It’s been over five years since the signing of the Dodd-Frank Wall Street Reform and Consumer Act (“Dodd-Frank”) and we are still waiting for the U.S. Securities and Exchange Commission to finalize rules on several provisions related to executive compensation. Below is a summary of the current landscape of Dodd-Frank as it relates to key executive compensation provisions. Over the coming months, we will be posting a series of blog posts addressing some of the nuances of these provisions. Stay tuned for more.
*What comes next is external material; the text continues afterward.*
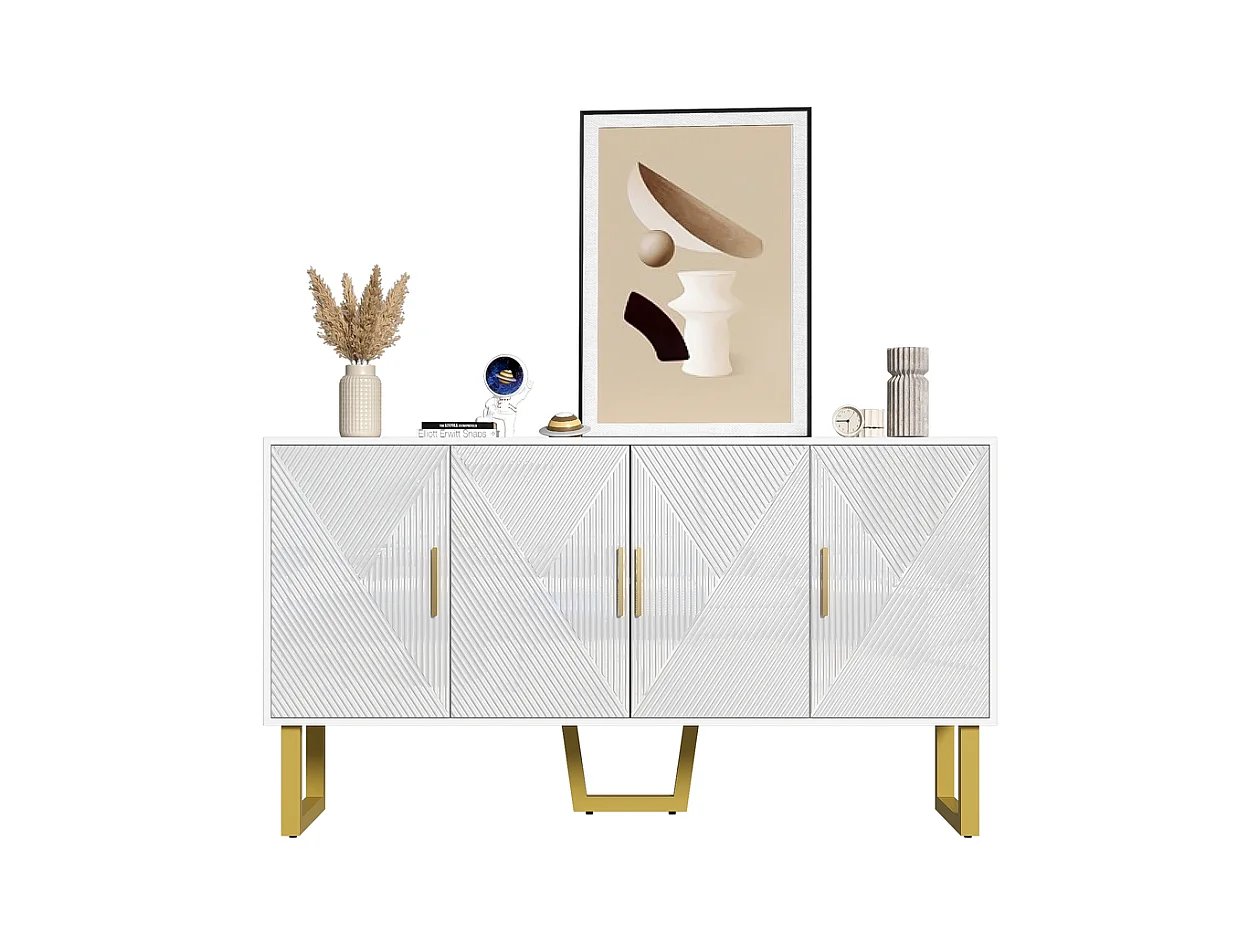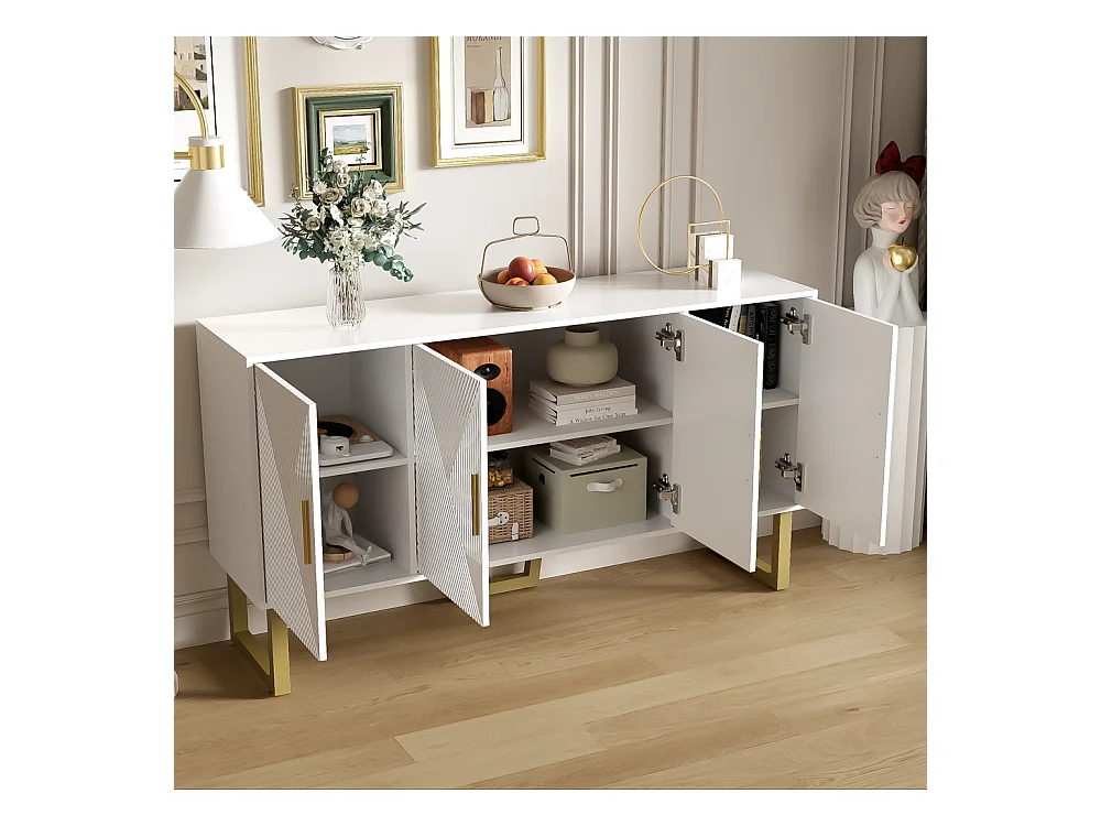 Buffet moderne luxe 4 portes texturées brillantes poignées dorées étagères réglables en hauteur Blanc

|Provision||Summary||Status of Rulemaking|
|Pay Ratio Disclosure||Requires disclosure of the ratio between the compensation of the company’s median employee and the CEO||Final *Disclosure required for first fiscal year beginning on or after January 1, 2017 (i.e,. 2018 proxy statements)|
|Say on Pay||Requires companies to hold shareholder advisory votes on executive compensation along with votes on how often to conduct such say on pay votes||Final *Currently Effective|
|Say on Golden Parachutes||Requires disclosure of and a shareholder advisory vote for any “golden parachute” payments in a transaction where shareholder approval is sought||Final *Currently Effective|
|Compensation Committee Independence||Requires enhanced independence standards for compensation committee members along with specific disclosure requirements||Final *Currently Effective|
|Compensation Committee Advisors||Requires compensation committees to evaluate the independence of consultants and advisors||Final *Currently Effective|
|Clawbacks||Requires companies to develop policies to recover incentive compensation that was awarded based on erroneous financial information||Proposed|
|Hedging Policy Disclosure||Requires disclosure of whether the company allows employees and directors to engage in certain hedging transactions||Proposed|
|Pay-versus-Performance Disclosure||Requires disclosure of the relationship between executive compensation actually paid and company financial performance (i.e., TSR)||Proposed|
|Financial Institution Incentive Compensation||Requires disclosure of incentive compensation and a prohibition on certain arrangements that encourage inappropriate risk taking||Proposed (joint-rulemaking between the SEC and several other agencies) *New proposed rules were issued on April 21, 2016 and can be found here.|
For the full text of the Securities and Exchange Commission proposed/final rules and the corresponding rules adopted by the securities exchanges, click here and then on the “Executive Compensation” link in the Mandatory Rulemaking Provisions section.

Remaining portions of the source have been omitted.